This is so timely -- 2.7 is officially retired and unsupported as of this year, yet still very widely deployed.
It might be worth specifying "Python 2" as the language up top before the final footnote, and/or throwing a
python -version
into one of your console logs in the critique above, as this could be clarifying for people trying to follow along on different systems. Maybe also worth letting the MacOS users know that their default python is likewise 2.7, for those who don't.Interesting that Python 3 only generates 67 calls, not 746 -- I wonder what directions in the evolution of the language may have led to this new concision (rather than it bulking up over time).
I also wonder how launching the interactive shell in verbose mode (python -v) -- and what it has to say, verbosely -- is related (or not) to what you are investigating here with empty execution?
One other question about this "do nothing" / null input investigation. Are there related empty file / empty input genres of computing culture, not unlike quines or code golf? I can think of the question "what counts as an valid minimal / empty program?" -- which has an interesting Rosetta Code page with 237 languages listed...

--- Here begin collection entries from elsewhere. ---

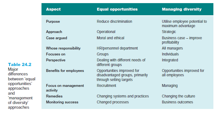 Table 24.2 summarises the key differences between equal opportunities and managing diversity.
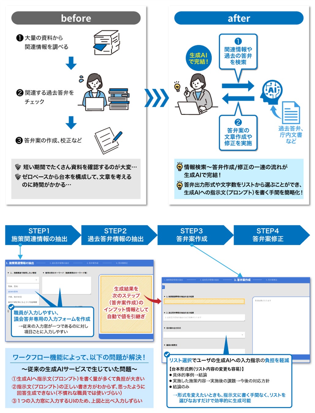 ✔ 情報検索から答弁案作成/修正までの各ステップの作業を生成AI-ワークフロー機能で完結
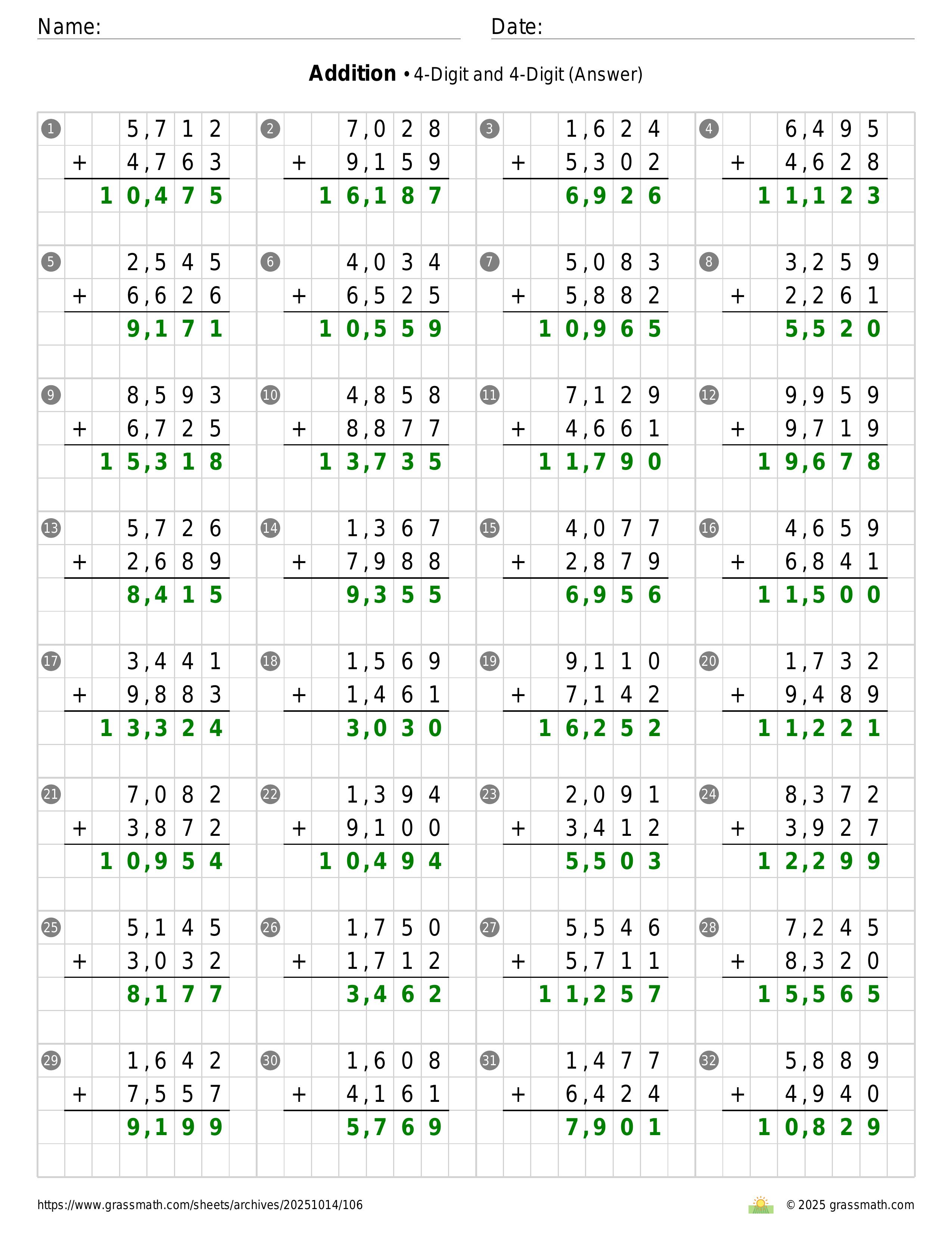 Addition 4-Digit and 4-Digit
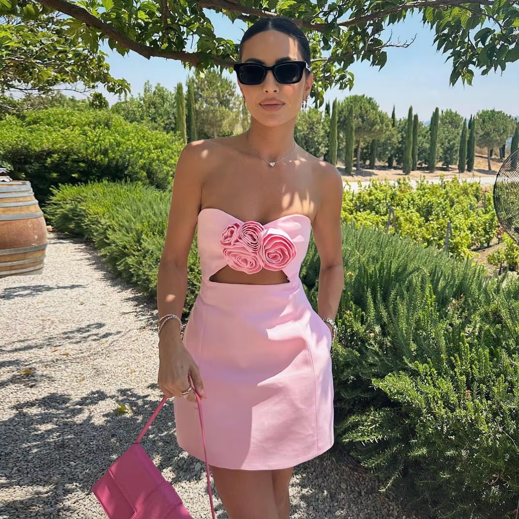 Sweetheart Light Pink Matte Satin Mini Party Dress Custom Made Floral Women Clothing Ever Pretty Hollow Out Cocktail Dresses
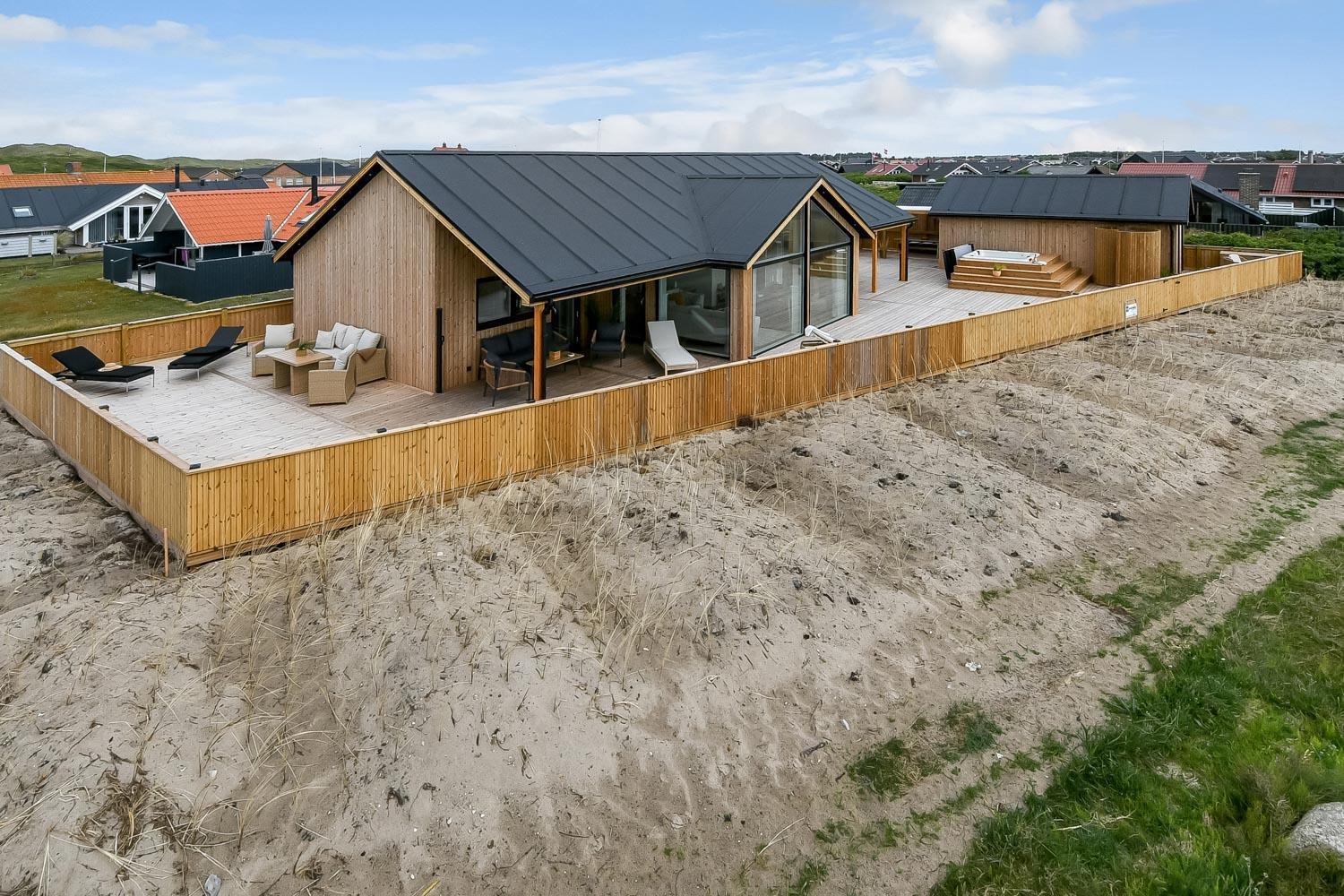 Der er masser af plads på den 1.000 m2 store, unikke naturgrund og på det pragtfulde terrasseanlæg er der masser af muligheder for en plads i solen eller måske i skyggen. Udearealerne er også et kapitel for sig. Den ca. 150 m2 store, velholdte, indhegnet og delvis overdækket terrasse er med udekøkken, spa og havemøbler. Også her er udsigten unik og der er tænkt på det meste. Dejligt udekøkken med stor gas-grill, vask med koldt vand, så der er gode muligheder for at tilberede en god middag samtidig med at man hygger med familien eller vennerne, masser af havemøbler og liggestole. En tur i den udendørs spa gør oplevelsen unik og specielt på de mørke aftener med den klare stjernehimmel, den anden udendørs bruser er placeret tæt på udespaen så man kan gå under bruseren inden man sænker sig ned i spaen. En unik oplevelse som er ren terapi for sjæl og krop. Inde i annekset er der en skøn sauna samt et aktivitetsrum med bl.a., bordfodbold, dart og en motionscykel, så der er også tænkt på aktiviteter til ferien, i annekset er der desuden et depotrum med lås. Huset ligger på en af de bedste grunde i Vejlby Klit, ligger behageligt langt fra vejen. Fra grunden kan man via en sti igennem det fredede område nemt gå direkte ned til Ferring Sø som blot ligger 80 m væk. Rundt om Ferring Sø er der anlagt en sti så man kan vandre omkring hele søen og opleve naturen på nærmeste hold. Vesterhavet ligger blot 300 m fra huset så der er ikke langt til strandfornøjelser som badning, drageflyvning, lystfiskeri eller vandreture i den friske luft hvor man til tider kan blive blæst helt igennem. Vesterhavets vandkant ligger blot 300 meter fra huset. Herudover ligger huset tæt på en af Vestjylland smukkeste cykel- / vandre ruter der bl.a. byder på mulighed for at se både sø og hav på samme tid samt tæt på indkøb og restaurant. Nærmeste sæsonåbne købmand ligger kun 400 meter ved Vejlby Torv som også byder på en cafe / spisested. Vi anbefaler også gerne et besøg i havnebyen Thyborøn 15 km nord for sommerhuset eller den gamle købstad Lemvig 13 km mod øst. Dette hus tilbyder unik beliggenhed og udsigt og er velegnet til parret eller familien, der vil bo tæt på havet på en meget ugenert grund og som ønsker en helt speciel oplevelse de aldrig glemmer.
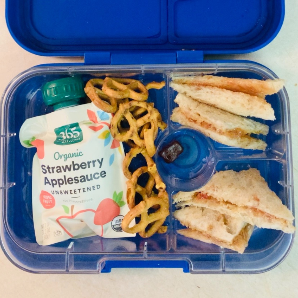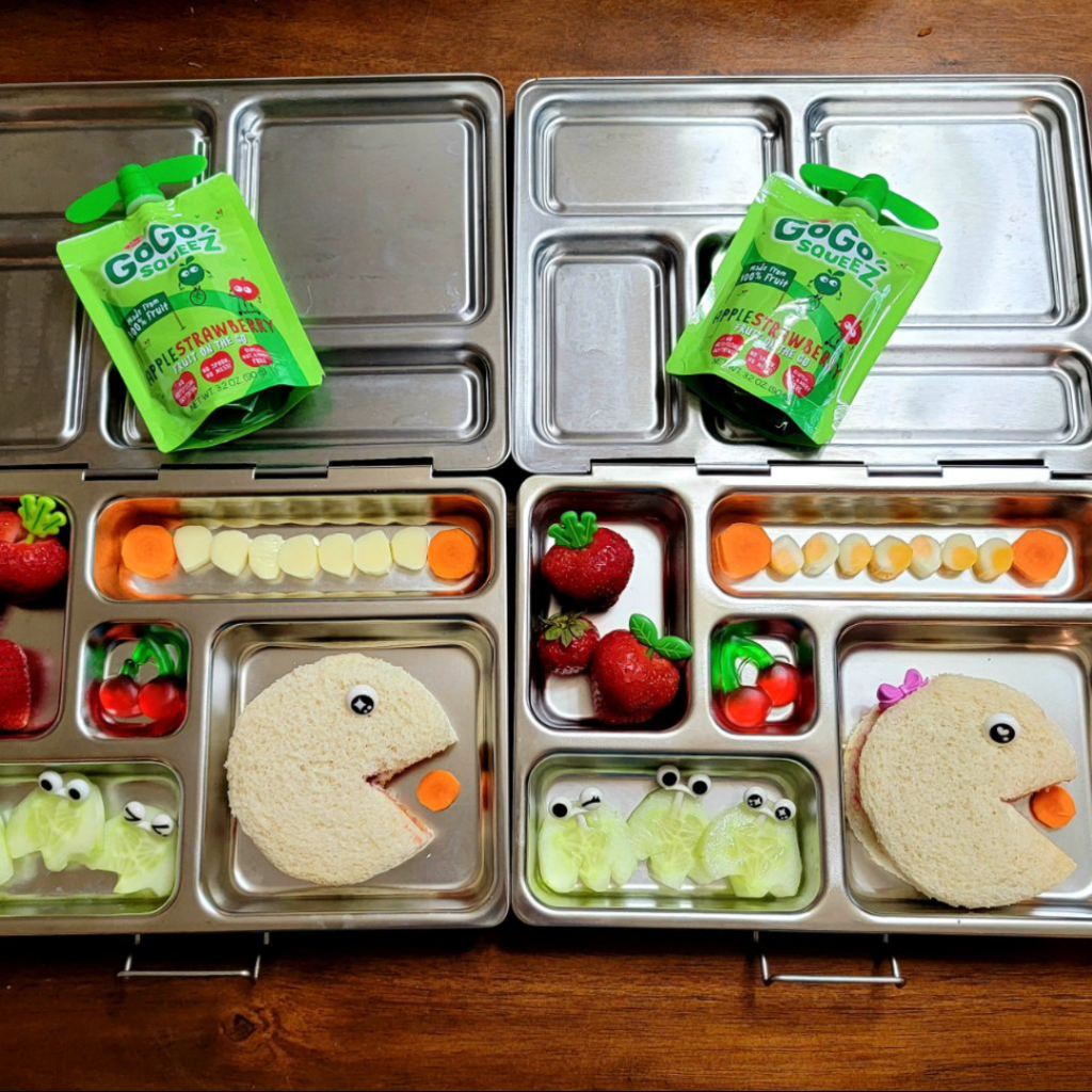 Mott’s is a brand pretty well-known among lunch packing families for their fruit sauce cups. But they also have squeezable pouches! The designs on the pouches are pretty friendly, with the fruit having funny googly eyes. And we love to see the product as the pouches are clear!
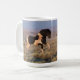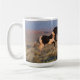 O garanhão negro tobiano, Washakie, desafia o garanhão banda, Garth, a uma batalha matinal.
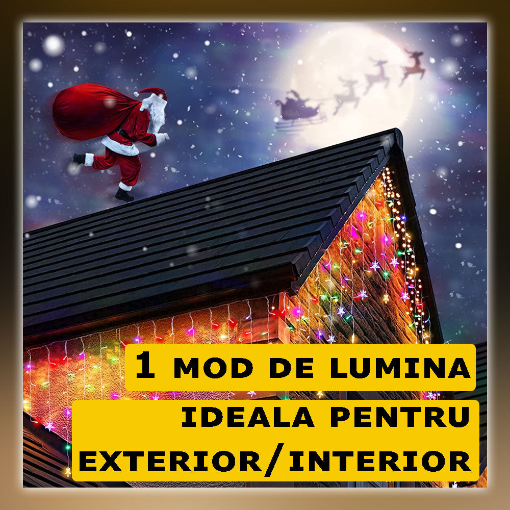 Instalatie Craciun Turturi 20M, 500 Led-uri, Pentru Casa / Gradina / Gard, Cu 1 Joc De Lumini, Franjuri Curgatoare, Exterior/Interior, Fir Alb, Interconectabila, Rezistenta La Apa, Multicolor
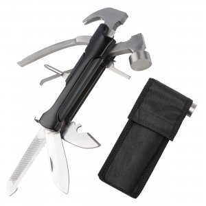 Artikel-Nr: EAG085003Multifunktionswerkzeug (Edelstahl) bestehend aus einem Hammer, einer Feile, zwei Klingen, einer Säge, einem Schlitzschraubendreher und einem Flaschenöffner. Im Lieferumfang enthalten ist ein passendes Etui, auf dem wir mittig Ihre Werbung drucken.
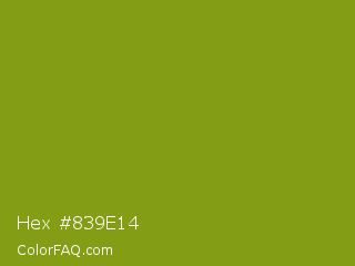 Hex #839e14 Color is a normal lime color and the nearest color is Trendy Green #7c881a. Hex code #839e14 and RGB value is rgb(131,158,20). In RGB color space, this color is composed of 51% red, 62% green, 8% blue, In CMYK color space, this color is composed of 17% cyan, 0% magenta, 87% yellow , 38% black , In HSL color space, this color has a hue angle of 72° , 78% saturation and 35% lightness.

https://www.rosettacode.org/wiki/Empty_program
...but I'm trying to recall if there are other code practices -- debugging or culture jamming -- centered on emptiness and absence.
There are some, @jeremydouglass. I have a 12-page technical report about null programs from 2013:
“No Code: Null Programs.”
It covers a 0-byte demo (in the demoscene sense) and a 0-byte quine that won IOCCC (International Obfuscated C Code Contest) for being the shortest quine (a program that produces its own output).
Thanks Nick -- that's exactly what I was trying to recall. I remember us discussing that report during CCS-WG 2014.
This reminds me of Pall Thayer's Microcode work Sleep. Modeled on Warhol's film, it's a program that does nothing for eight hours; but of course background processes are active throughout.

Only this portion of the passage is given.